United States Court of Appeals
For the First Circuit
No. 02-2571
UNITED STATES OF AMERICA,
Appellee,
v.
FRANKLYN LIRANZO,
Defendant, Appellant.
APPEAL FROM THE UNITED STATES DISTRICT COURT
FOR THE DISTRICT OF MASSACHUSETTS
[Hon. Reginald C. Lindsay, U.S. District Judge]
Before
Boudin, Chief Judge,
Lynch, Circuit Judge,
Schwarzer,* Senior District Judge.
Dana A. Curhan for appellant.
Virginia M. Vander Jagt, Assistant United States Attorney,
with whom Michael J. Sullivan, United States Attorney, was on
brief, for appellee.
September 30, 2004
*
Of the Northern District of California, sitting by
designation.
LYNCH, Circuit Judge. Franklyn Liranzo was a passenger
in a car stopped by Massachusetts state troopers in the fall of
2001. A Llama .380 semi-automatic handgun was found underneath
his seat. The troopers arrested all four occupants and asked them
to whom the gun belonged. All four denied ownership.
After jury trial, Liranzo was convicted of being a felon
in possession of a firearm in violation of 18 U.S.C. § 922(g)(1).

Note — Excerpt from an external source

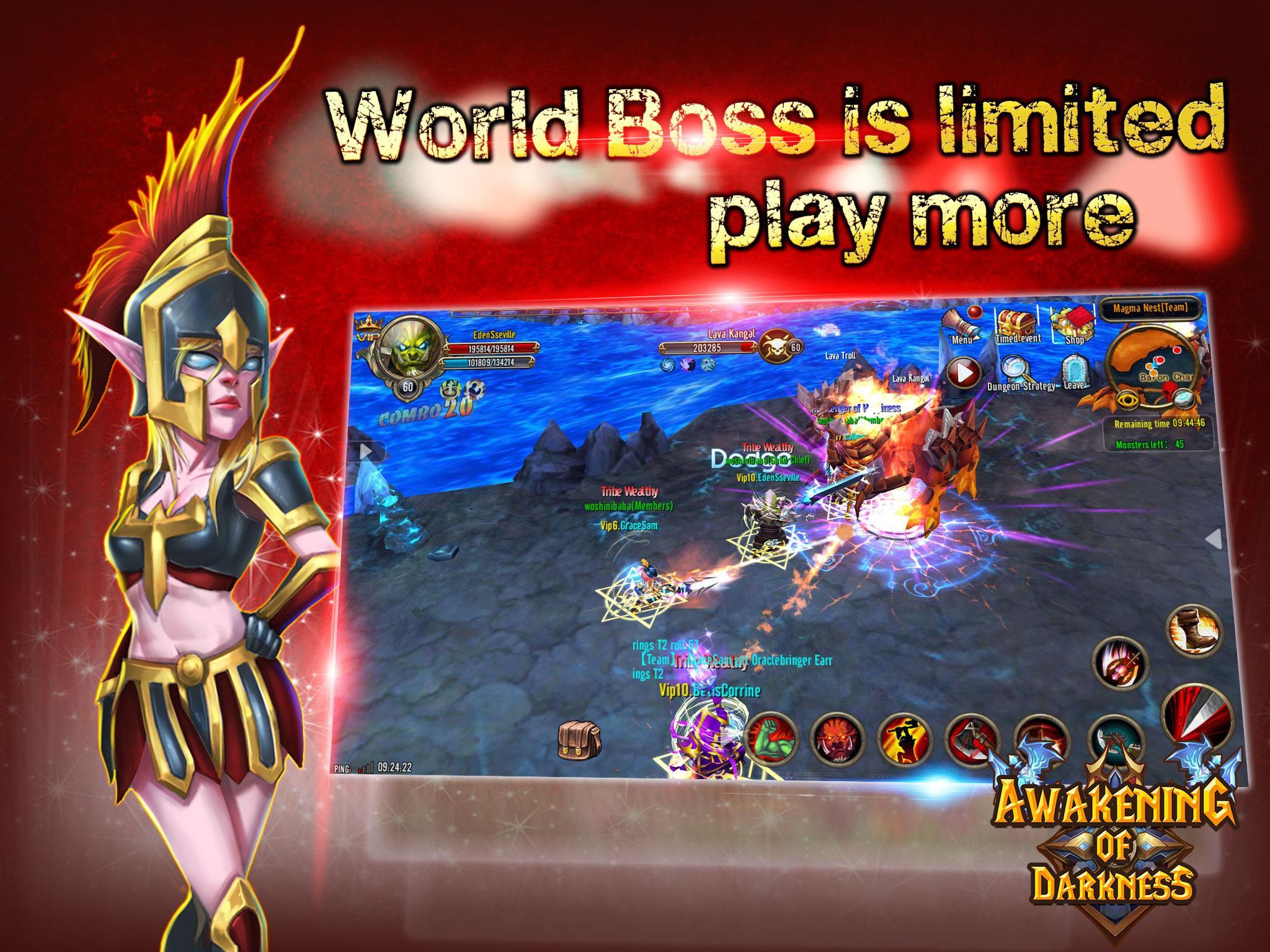 Awakening of Darkness ist ein 3D -PVP -Handyspiel, mit dem Spieler einen brandneuen Spielmodus erleben können. Western Fantasy ist als Hintergrund und weltweit führenden Kunstdesigns, neuesten Unity 3D-Engine, großartige Effekte, einzigartiges Spielerlebnis und Leistungssystem-Set. Wir sind gut vorbereitet, um Ihnen das beste MMORPG des Jahres zu präsentieren!

He challenges his conviction on the grounds that 1) the evidence at
trial was insufficient to establish Liranzo's constructive
possession of the firearm, and so the trial judge improperly denied
his motion for a judgment of acquittal, and 2) admission of
testimony by the arresting officers about their assignments to a
gang task force was prejudicial error. We affirm.
I.
We recount the facts with all reasonable inferences made
in favor of the verdict. See United States v. Hernández, 218 F.3d
58, 64 (1st Cir. 2000).
In the fall of 2001, Massachusetts State Police Troopers
Thomas McCarthy and Ernest Doherty, members of a police task force
targeting gang activity, kept watch on the home of a known gang
member on Farnham Street in Lawrence, Massachusetts. On September
4, 2001, at approximately 10:40 PM, the troopers saw a green Nissan
Maxima idling in front of the driveway of the residence. Two
people entered the Nissan and then, just as the troopers pulled
-2-
alongside the car, the Nissan quickly drove away with four
occupants inside. Troopers McCarthy and Doherty followed the
Nissan in an unmarked police car. They noticed that the Nissan's
rear license plate was only hanging by a single screw, and they
watched the Nissan go through an intersection with stop signs
without coming to a complete stop. They informed Sergeant Francis
Hughes, who was also in the general area in a separate unmarked
police car, that they intended to stop the green Nissan for those
violations. As McCarthy and Doherty caught up to the Nissan, they
observed the three passengers looking out the back window of the
car to watch the troopers' car.
The Nissan turned into Shawsheen Road, a well-lit road
next to a deserted park. The troopers' cruiser followed. McCarthy
activated the cruiser's emergency lights and the siren to get the
Nissan to pull over. After both cars stopped, the officers got out
of the car, but waited before they approached the Nissan. They
observed the occupants of the car moving around and looking back at
the troopers. Meanwhile, Hughes approached the stopped Nissan from
the opposite direction on Shawsheen Road. As Hughes stopped his
car to sandwich the Nissan between the two police cruisers, his
headlights illuminated the inside of the Nissan.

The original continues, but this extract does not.